US economist says White House got his tariff research 'all wrong'

BSS
Published On: 08 Apr 2025, 17:34

WASHINGTON, April 8, 2025 (BSS/AFP) - An economist whose work was cited by US President Donald Trump's administration to justify sweeping tariffs has said officials misinterpreted the research -- and the levies should have been as little as a quarter of what the White House announced.

Brent Neiman, who was a US Treasury official under previous president Joe Biden, co-authored a 2021 paper on the impact of tariffs on prices in the United States.

The paper was cited by the US Trade Representative (USTR) in a statement released last week explaining the calculations behind the major import tariffs announced by Trump that threaten to pull the global economy into a recession.

"I disagree fundamentally with the government's trade policy and approach," Neiman wrote in an opinion essay published by The New York Times on Monday.

Neiman said the USTR's "biggest mistake" was misconstruing trade deficits with other countries as a definite sign of unfair practices by the other party.

Additionally, the Trump administration miscited the paper to suggest that domestic prices would only rise slightly under the new tariff regime, Neiman said in the essay, which ran with a headline saying the White House's use of the research "got it all wrong."

The economist said his work, which was produced with three other academics, showed that "the price paid for U.S. imports would rise almost as much as the tariff rate."

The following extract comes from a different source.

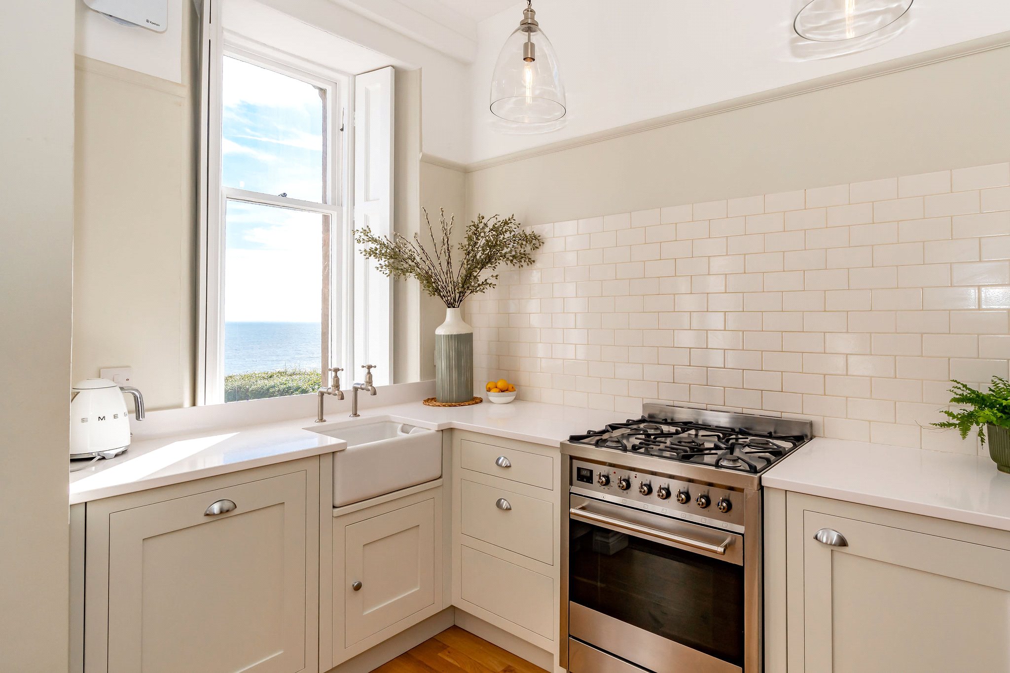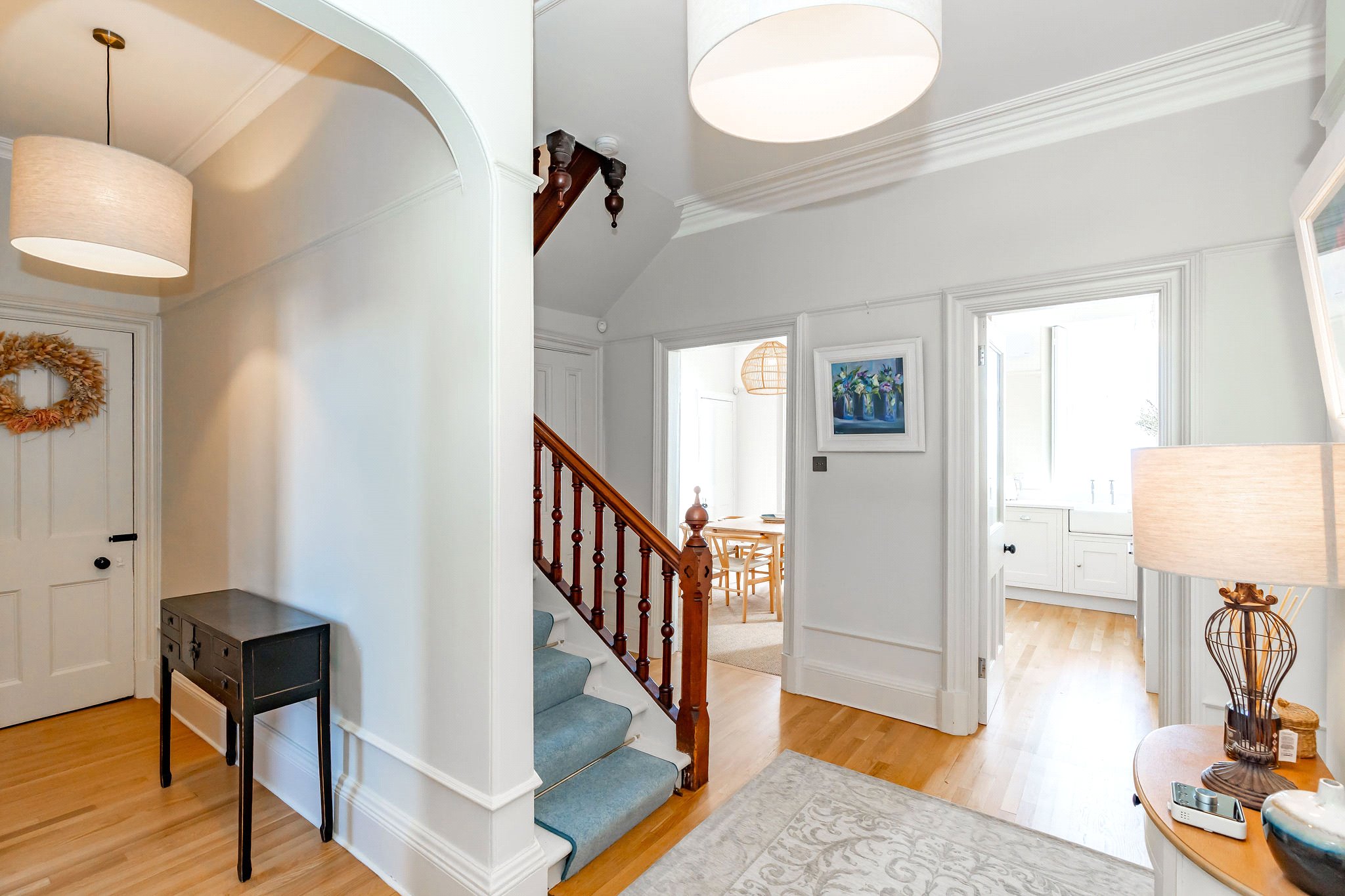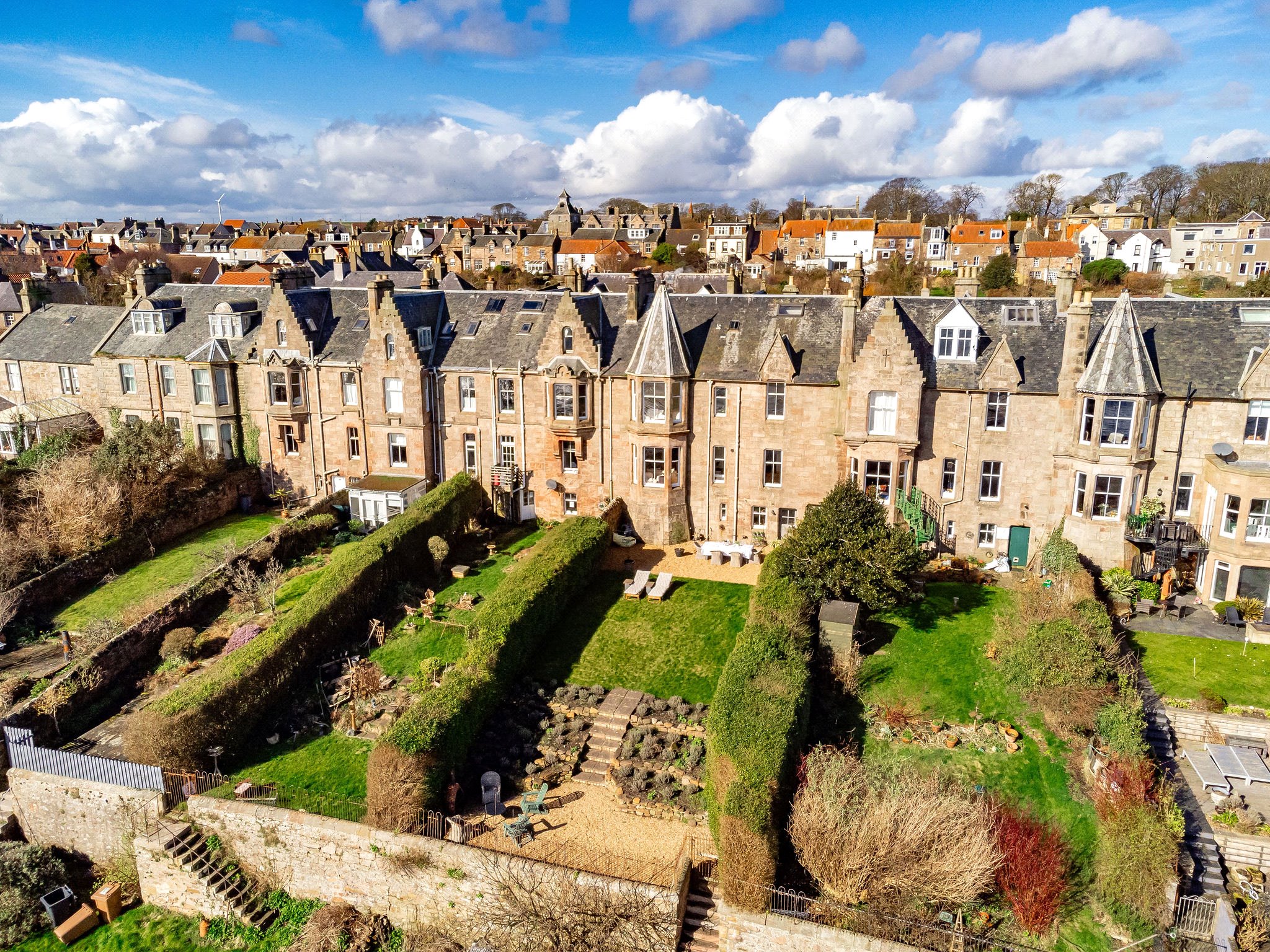 Proudly positioned on one of Crail’s most historic and coveted residential streets, 22 Nethergate South offers a rare opportunity to acquire a magnificent five-bedroom category B-listed Victorian townhouse arranged over three levels. Once the home of George Downie who built the neighbouring grand properties in this locale, this handsome residence lies behind a manicured hedge, with a pathway flanked by a neat lawn leading to the front door. Opening into a charming entrance vestibule and hallway decorated in soft neutrals, you are led to a magnificent living room where a sash and case bay window frames captivating views across the garden to the sea. Immaculately finished a tasteful interior design provides the backdrop to high ceilings, exquisite cornicing, wooden flooring, and a log-burning stove set into an original marble mantlepiece. The effect is one of sophisticated grandeur, yet the overall ambience is warm and inviting. A light and airy south-facing double bedroom complete with wooden flooring, an idyllic window seat and an original feature fireplace awaits on this floor along with an impressive bathroom featuring a roll-top bath, rainfall shower, a WC and washbasin. Across the hallway, the light-filled dining kitchen enjoys the same spectacular picture postcard coastal aspect and chic décor of the living room. A natural divide is created with two entrances and a thoughtful corner kitchen layout opens up the dining area. White metro tiles, a Belfast sink, and stone worktops provide a stunning contrast to the hand-painted bespoke base units and striking stainless steel oven and five-ring gas hob. With a built-in pantry and log-burning stove, it is a beautifully finished room that effortlessly achieves functionality with a refined modern style. From here, you descend to the basement level of the property. A true hidden gem this is the location of a light and airy farmhouse kitchen leading out through an original stable door to the spectacular garden. Butcher block worktops, a Belfast sink and a high-spec cooker are set against black flagstone flooring, whilst a cosy seating area is a perfect spot for informal dining. There is a convenient WC adjacent and a utility for additional storage. Returning to the ground floor a skylit staircase with an original carved mahogany banister takes you to a spacious carpeted first floor landing and four double bedrooms. The luxurious bay windowed principal double bedroom boasts a magazine-worthy interior design of plush carpeting, a calm colour palette, intricate cornicing, and a log-burning stove nestled under a white mantle. Its appeal as a serene retreat is amplified by its mesmerising garden and sea outlook. Each of the three additional double bedrooms are wonderfully presented and share access to a shower room finished in a classic style complete with a cast iron towel radiator, washbasin, and WC. This floor benefits from a versatile south-facing home office/study.

Their findings also suggested the "calculated tariffs should be dramatically smaller -- perhaps one-fourth as large."

Trump's trade math has left economists scratching their heads, with former Treasury Secretary Larry Summers saying last week "this is to economics what creationism is to biology, astrology is to astronomy."

The USTR published a formula with Greek letters last week to justify the levies which did not include other countries' tariff levels in its determination that Washington was treated unfairly.

Several of Trump's fellow Republicans have begun expressing dissent against his trade war, concerned about its potential to trigger a serious recession.

Bill Ackman, a billionaire hedge fund investor and one of Trump's most prominent cheerleaders, warned at the weekend that the United States was "heading for a self-induced, economic nuclear winter."